The Damped Spring

D-term 2004

**Objective:**
This week we will consider the effect of damping of a 2-spring system by
air. To our 2-spring system we will attach cardboard disks of sizes
ranging from 5 cm. to 10 cm. In particular, we are interested in finding
the relation between γ in the damped harmonic oscillator equation and the
radius r of the cardboard disks.

**Equipment: **At each station there are 2 springs, three hangers, 2 labeled cardboard
disks, a stopwatch and 400 grams for loading the system. At the scales
placed about the room there are also 5, 2 and 1 gram masses so that for each of
your experiments the mass of your system should be within 0.5 grams of 400
grams independent of the size of the disk. There is also a clamp and a string
with a center mark to full displacement marks at 10 cm and two marks at t_{1/2},
in this case 5cm from the center mark.

**A bit of theory:**

The damped harmonic oscillator can be expressed as

m d^{2}x/dt^{2} + b dx/dt
+ kx = 0,

where F_{damping}= -bv is the damping force and F_{restoration}
= -kx is the restoring force. Formal
discussions of the solutions to the equation can be found in most first year
texts.

In PH-1140 we are using a somewhat different form for
the damped harmonic oscillator:

d^{2}x/dt^{2} + γ dx/dt + ω_{0}^{2}
x = 0,

where γ = b/m and ω_{0}^{2}
= k/m

What is more important here is to know the form of the
solution which has two parts:

x = Ae** ^{-γt/2}**cos(wt),
(1)

the first being an exponential representing the damping
and the latter cosine function representing the oscillation of the
system. For small **γ **the picture below, borrowed from Tippler,
gives a good visual representation.

[ to be
inserted later. Sorry!]

Here, the envelope to the diminishing oscillation is a
decreasing exponential.

After a bit of algebra one can demonstrate that eq. 1 is a solution of the differential equation if

γ = b/m and

ω^{2} = ω_{0}^{2}
– γ^{2}/4.

**Procedure: **Now we need some data. Where do we start?

We need to have each student do one
measurement of the time for 20 cycles for an un-damped hangar and mass
combination of 400gr. Pairs of students should average their values and
enter the value for their station on the board to 3-digits.

Next each student will take one of the marked disks
and determine the value for T_{1/2} for a
hangar, cardboard disk and sufficient added mass to once again have combined
mass of 400gr. There are triple-beam balances
placed around the room. Near the balances you will find small weights
that will permit you to adjust your mass to 400gr +/- 0.5gr. The
determination of T_{1/2} should
be done five times. On the board you will write the average value of your
five trials. Note the limited space and recognize that there will be
several entries for each disk. Be neat and thoughtful as you make your
entry to the tabl**e. **

**For the Write-up now due anytime between this Tuesday,
****4/13/04**** and
next Tuesday, 4/20 in Fred Hutson's mailbox:**

**Instructions for writing-up the
Damped Harmonic Oscillation Lab Report.**

Report all measurements.

In the action-part of the lab, you and your partner
each measured the time duration for 20 cycles of the “undamped” mass/spring
oscillator, plus you each measured the T_{1/2}^{ } time
for your damping disk 5 times.

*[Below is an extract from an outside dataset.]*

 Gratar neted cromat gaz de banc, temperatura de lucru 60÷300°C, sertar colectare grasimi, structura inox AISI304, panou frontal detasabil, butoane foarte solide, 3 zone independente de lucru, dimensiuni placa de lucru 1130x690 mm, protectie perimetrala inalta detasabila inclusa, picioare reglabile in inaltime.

Present the two 20-cycle time durations,
the corresponding average periods, and their average value that was reported to
the Lab Coordinator (a T_{o} value). Also present your T_{1/2}
times in the form of a table as shown in lab.

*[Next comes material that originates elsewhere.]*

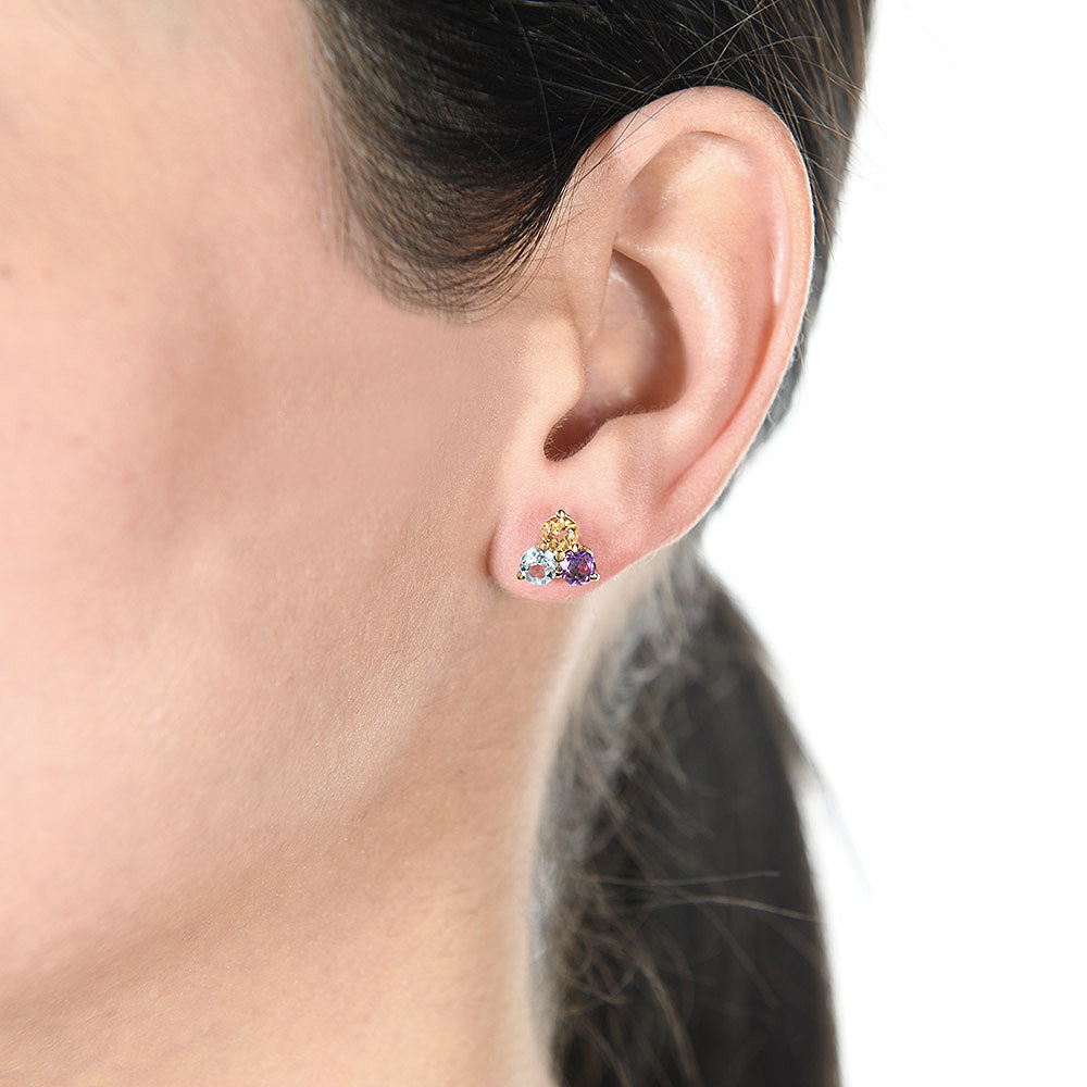 Pendientes tres colores, topacio azul, amatista y citrino, en garras, oro amarillo de 18K. Medida 6 mm. Colección Candy Colours.

Determine the un-damped period of the
motion, the undamped angular frequency, and the spring constant for the
2-spring system. Average the several values for the undamped period (sent to
you via e-mail) as measured by the several student teams in your section for
their respective systems (that gives you a value for T_{o}).
Calculate the deviation magnitudes (i.e., they’re all positive!) between the
average period and each measure period; average those deviations, and call that
average of deviations the uncertainty of the period measurement (and write it
as δT_{o}). From that average period and average deviation,
calculate the average angular frequency and its uncertainty*. Also
calculate the average spring constant, together with its uncertainty*.

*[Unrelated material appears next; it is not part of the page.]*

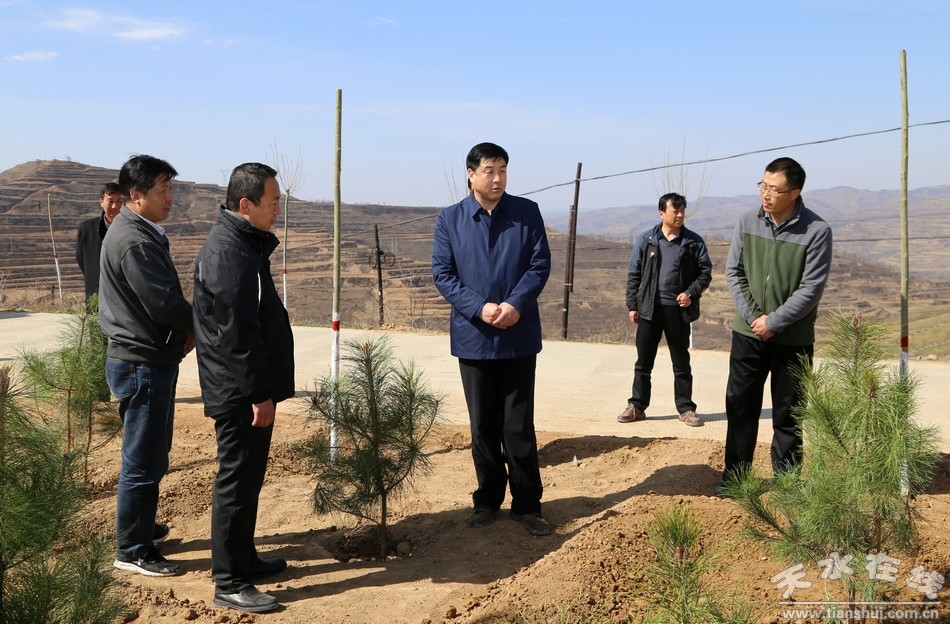 3月27日上午,清水縣委書記劉天波帶領縣委辦、農(nóng)工部、林業(yè)局、農(nóng)業(yè)局、果業(yè)局等相關單位負責人,先后深入小泉峽生態(tài)長廊、白駝鎮(zhèn)化嶺梁5000畝中央財政補貼造林優(yōu)質核桃基地、黃門峽口至新城段、蒲魏梁退耕還林核桃示范基地、永清鎮(zhèn)蘇屲退耕還林示范點、北山義務植樹造林點等地,就果樹建園、行道樹栽植、退耕還林等全縣春季植樹造林工作進行督促檢查。

Determine the damping constant (the
γ = gamma-factor) for the one damping disk that you measured the T_{1/2}
damping times for.

Continuing
from your tabular presentation of your 5 T_{1/2} measured values,
average these 5 values, and calculate the 5 deviation magnitudes in the manner
described in Part 2 above. Obtain also the average of these deviation
magnitudes.

Process the T_{1/2} data
(obtained from the whole class and sent to you via e-mail) in order to
determine the damping constants and corresponding uncertainties for each
disk-size.

Shortly after the completion of the final Lab #2
session, the Lab Coordinator will send you the aggregated results of ALL the
damping experiments conducted by PH 1140 students. Those results will
take the form of 11 values of T_{1/2}, one for each radius value, plus
the corresponding T_{1/2} uncertainties. The Lab Coordinator will
obtain these values just as you obtained the average T_{1/2} and its
uncertainty from your own set of 5 measurements – the only difference is that
these aggregated results include the collective experience of the entire
class. Construct a table with a row for each of the 11 radius values and
columns for the aggregated T_{1/2}-values, their corresponding
uncertainties*, the corresponding γ-values, and the corresponding
γ-uncertainties*. Be sure to include units for the column values in
the header for each column.

_{}

Graph your results of gamma vs. r^{2}.

In principle we expect the amount of damping to be proportional to the AREA of
the damping disk because the amount of air that affects the motion of the
system is directly proportional to the disk area. (But that’s just our
simple theory and nature may actually work a bit differently! Let’s find
out!!!) The first thing to do is to add 1 column to the table constructed
in Part 4 for the values of r^{2}. Once you have completed this
table (being sure to include column headings complete with units of the
quantity listed in each respective column), you can plot the points
representing gamma vs. r^{2}. For graphical precision, be sure to
use precision graph paper (that means 1-mm grid graph paper available in the
Bookstore), drawing the graph as large as possible while still using a
non-awkward scale. Plot gamma on the vertical axis vs. r^{2} on
the horizontal. Through each datum point, draw a vertical line that
represents the plus and minus uncertainty amount around the average value of
gamma (if somehow that amount is no bigger than the datum point itself, then
leave out the error bars and just stick with the datum points). What you
will have then is a graph of average measured gammas vs. r^{2} (which
itself is proportional to the disk area). Draw a straight line that best
fits these 11 datum point (including uncertainty error bars). If the
straight line can be drawn to intersect most of the points-plus-error-bars,
then we can say that the damping really seems to be proportional to the
area. If the points-plus-error-bars deviate substantially from your best
straight line fit, then we can say that he damping is not exactly proportional
to area and that for some reason the actual theory is more complicated than we
hoped. So which is it? (State your conclusion!)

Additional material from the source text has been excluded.